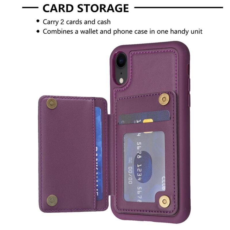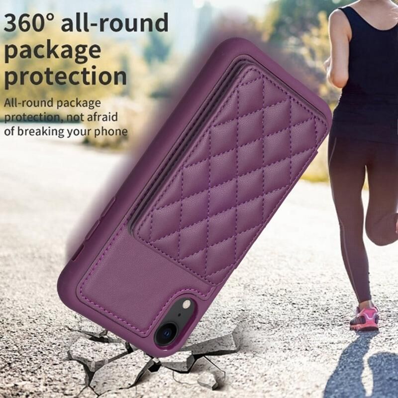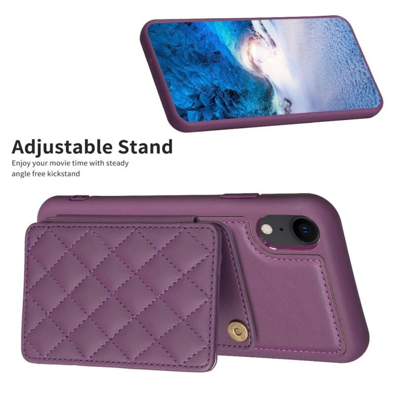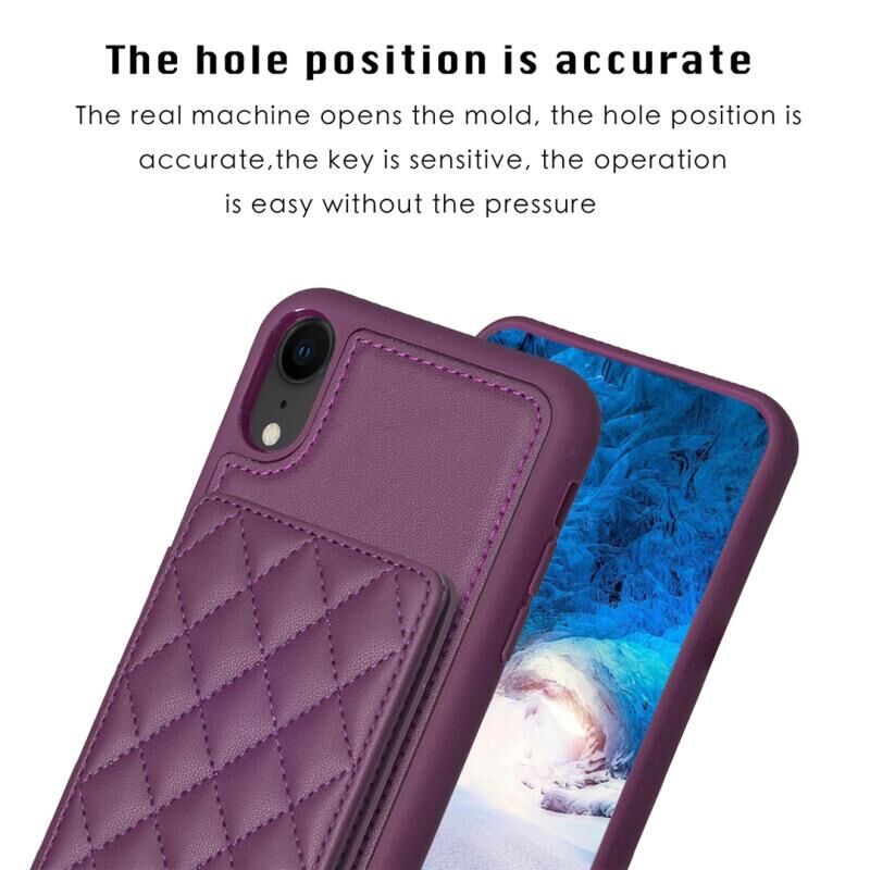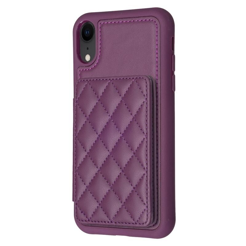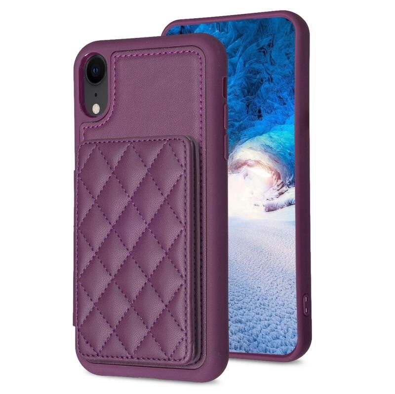 For iPhone XR BF25 Square Plaid Card Bag Holder Phone Case(Dark Purple)
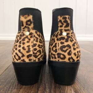 Cole Haan Leopard Print Ankle Boot Bold Neutral Dyed Calf Hair Size 5.5 Brown
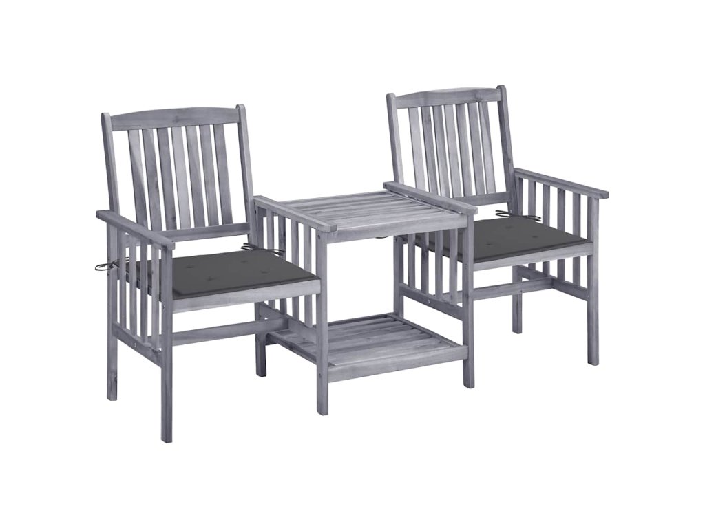 Zahradní židle s čajovým stolkem a poduškami masivní akácie 3061302
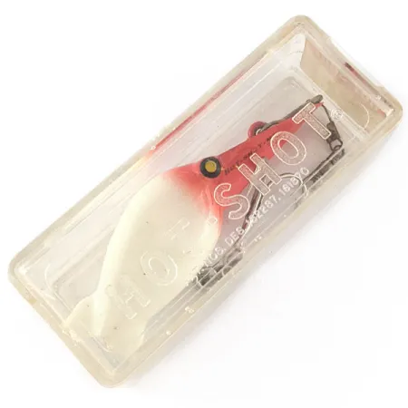 Biały korpus z intensywnie czerwoną głową to cechy charakterystyczne woblera Eddie Pope Hot Shot M 306 o kodzie produktu 21627. Przynęta o wadze 1/4 oz (7 g) i długości 2 1/4" (6 cm) stanowi klasykę amerykańskiego rzemiosła wędkarskiego. Na czerwonym sterze wyraźnie widnieje sygnatura „HOT-SHOT-M2”, określająca konkretny wariant tego modelu. Produkt jest nieużywany i znajduje się w oryginalnym, przezroczystym pudełku z wytłoczonym logo oraz numerami patentowymi DES. 182287 i 161870. Kompletne, oryginalne uzbrojenie obejmuje kotwicę brzuszną i ogonową zamocowane na metalowych kółkach łącznikowych. Ten egzemplarz nigdy nie był używany i zachowany jest w doskonałym stanie 5/5.

◆ EXERCISE PROMPT
From the first line to the last, retype the data exactly, without images.

◆ WRITTEN ANSWER
 For iPhone XR BF25 Square Plaid Card Bag Holder Phone Case(Dark Purple)
 Cole Haan Leopard Print Ankle Boot Bold Neutral Dyed Calf Hair Size 5.5 Brown
 Zahradní židle s čajovým stolkem a poduškami masivní akácie 3061302
 Biały korpus z intensywnie czerwoną głową to cechy charakterystyczne woblera Eddie Pope Hot Shot M 306 o kodzie produktu 21627. Przynęta o wadze 1/4 oz (7 g) i długości 2 1/4" (6 cm) stanowi klasykę amerykańskiego rzemiosła wędkarskiego. Na czerwonym sterze wyraźnie widnieje sygnatura „HOT-SHOT-M2”, określająca konkretny wariant tego modelu. Produkt jest nieużywany i znajduje się w oryginalnym, przezroczystym pudełku z wytłoczonym logo oraz numerami patentowymi DES. 182287 i 161870. Kompletne, oryginalne uzbrojenie obejmuje kotwicę brzuszną i ogonową zamocowane na metalowych kółkach łącznikowych. Ten egzemplarz nigdy nie był używany i zachowany jest w doskonałym stanie 5/5.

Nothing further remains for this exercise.